I'd like to present to you my evolving project. It is a ZSU-57-2 SPAAG by TAKOM. The model is based on this photo of a vehicle operating during the war in Bosnia in the 90s.



You can find the complete SBS to this model on my website:
www.scaledracula.com
Here I will present a shortened version of the process.

Here comes the construction:
I started with the fenders, thinning them down and reworking the hinges on both sides.




I built the hinges with a help of ABER device:



Then I started to build the main hull. The fit of TAKOM's model is really good. I didn't have any problems. All the PE part come from the kit itself. I only scratchbuilt some wires near the rear fenders.

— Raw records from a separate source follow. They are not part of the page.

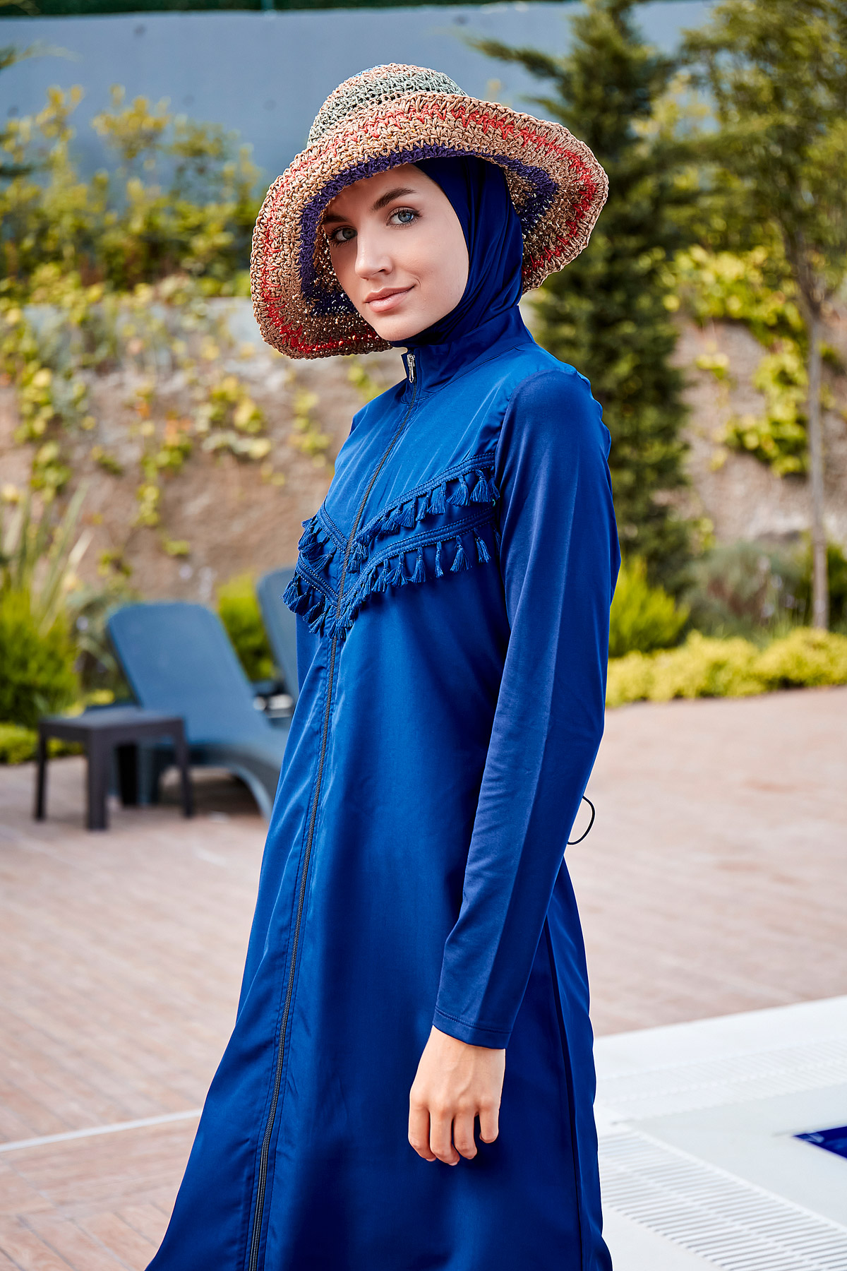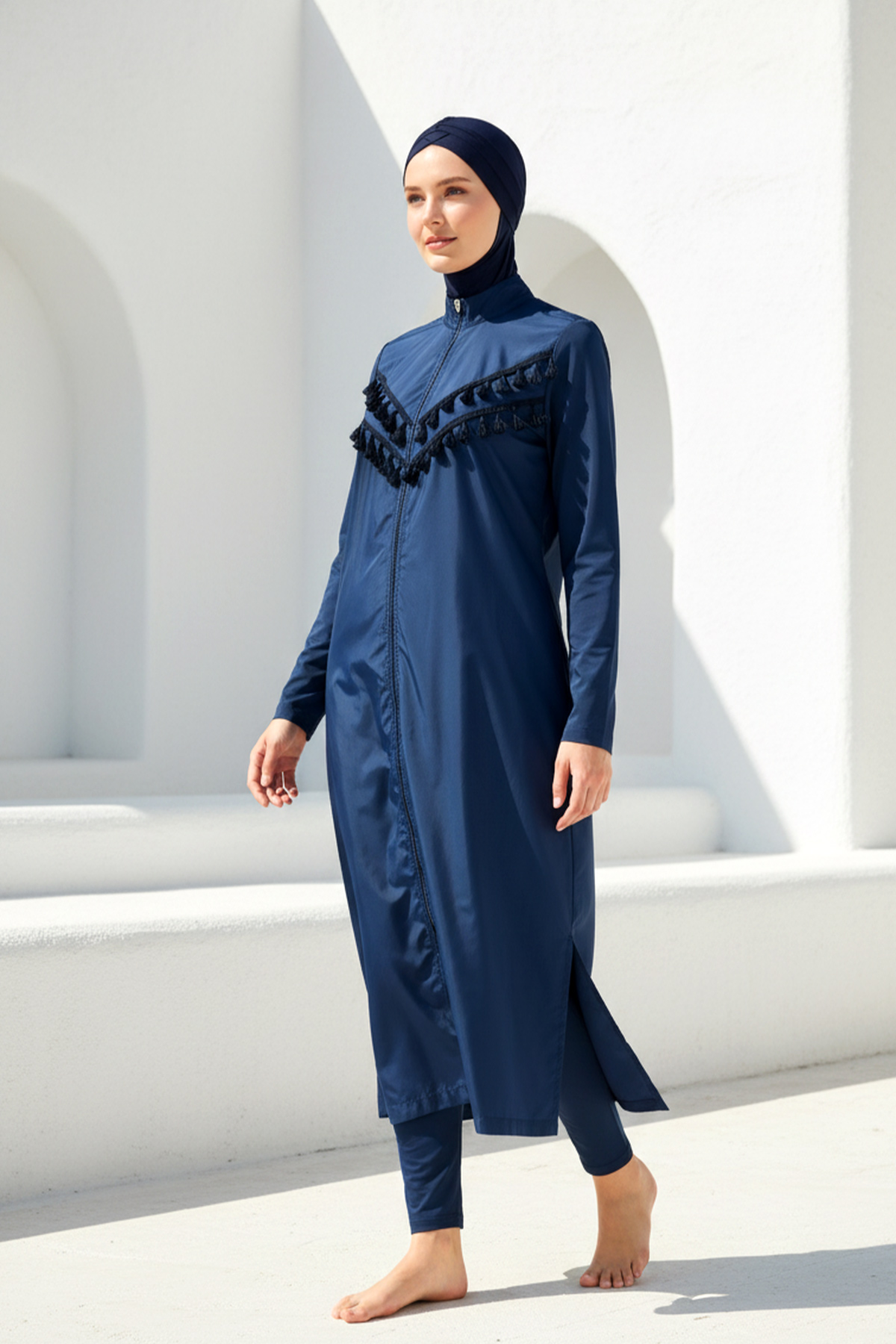 Tam Kapalı Tesettür Mayo Lacivert 1998 modeli, tunik, pantolon ve boneden oluşan 3 parçalı set yapısıyla plaj ve havuz kullanımı için fonksiyonel ve konforlu bir yüzme deneyimi sunar. Tam kalıp tasarımı sayesinde kendi bedeninizi güvenle tercih edebilirsiniz.
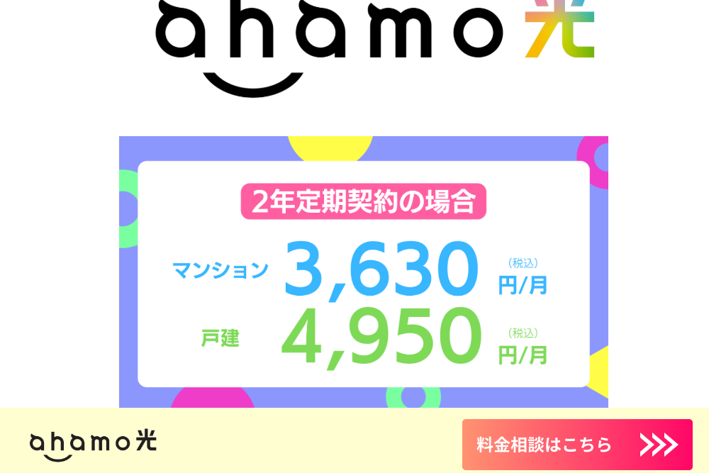 | ahamo光 | 1Gbps | 3,630円(マンション)<br>4,950円(戸建て) |
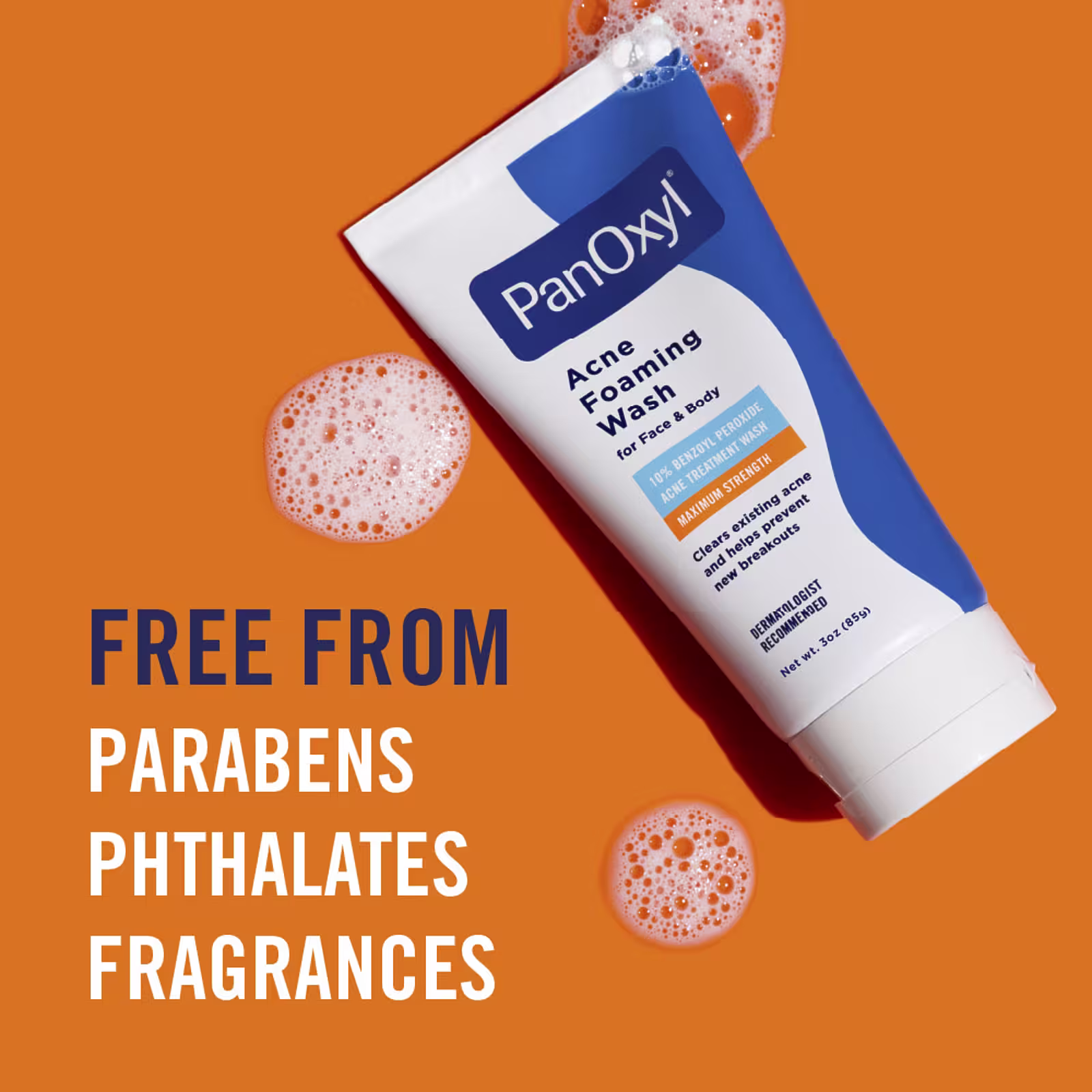 Gel nettoyant Maroc anti-acné 10% : la mousse nettoyante visage PanOxyl purifie en profondeur, réduit l’excès de sébum et aide à prévenir boutons & points noirs. Visage, dos, torse – usage quotidien.
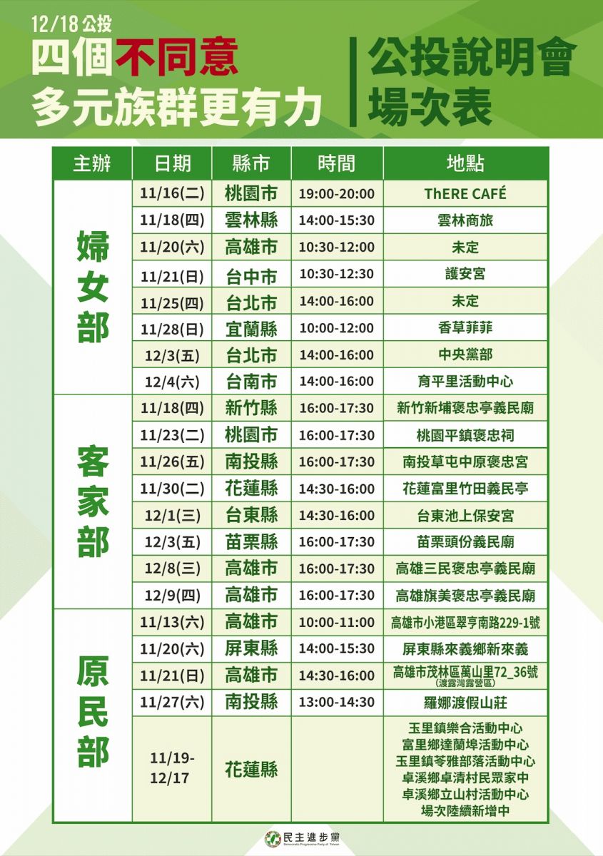 為了宣傳這次的公投,民進黨客家部、原民部及婦女部將舉辦至少25場的公投說明會,客家部預計在各地義民廟前舉辦說明會;原民部則是將走入原鄉;另外,婦女部也積極邀請各地的新住民團體以及婦女團體共同舉辦,呼籲各族群站出來投下四個不同意票,捍衛臺灣的未來。
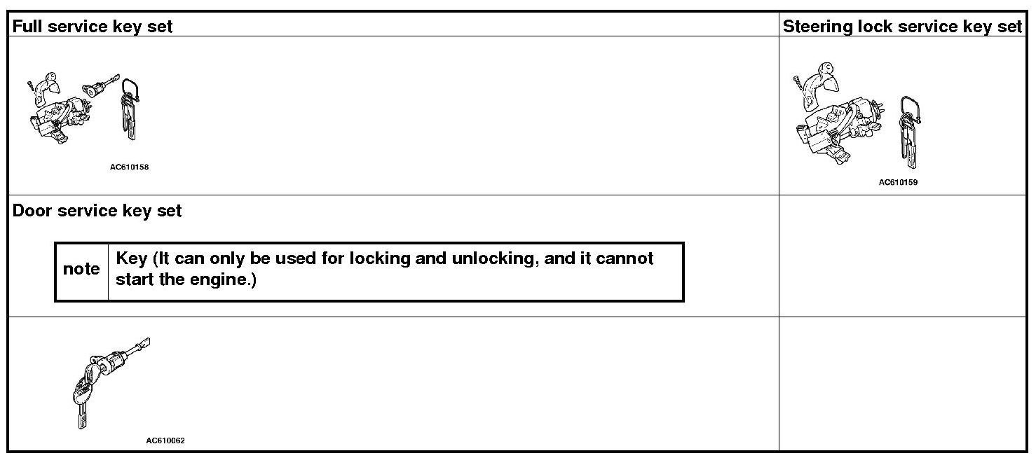 By operating the scan tool MB991958 (M.U.T.-III sub assembly) screen, the ID code registration and the TPMS can be registered and antenna communication required to the keyless operation system can be performed. KOS and keyless operation key are indicated as F.A.S.T and F.A.S.T.-key respectively in the scan tool MB991958 (M.U.T.-III sub assembly) screen.

The vehicle I've chosen as a reference is a heavily customized unit. So there was a lot of scratchbuilding ahead of me. Here's a rear turret structure I constructed from styrene sheet.



Then I started to work on the superstructure which is a much more complicated piece. Once again I used styrene parts to construct the basic shape.




The rubber on the superstructure I recreated from a genuine magnetic rubber used for example for the fridge magnets.




The test fit of the superstructure. A lot of work to do yet.



It's time to add some details. The hatches are from the same styrene sheet. I also made handles from wire and hinges from some random PE parts.




Here's the rear structure already glued to the turret.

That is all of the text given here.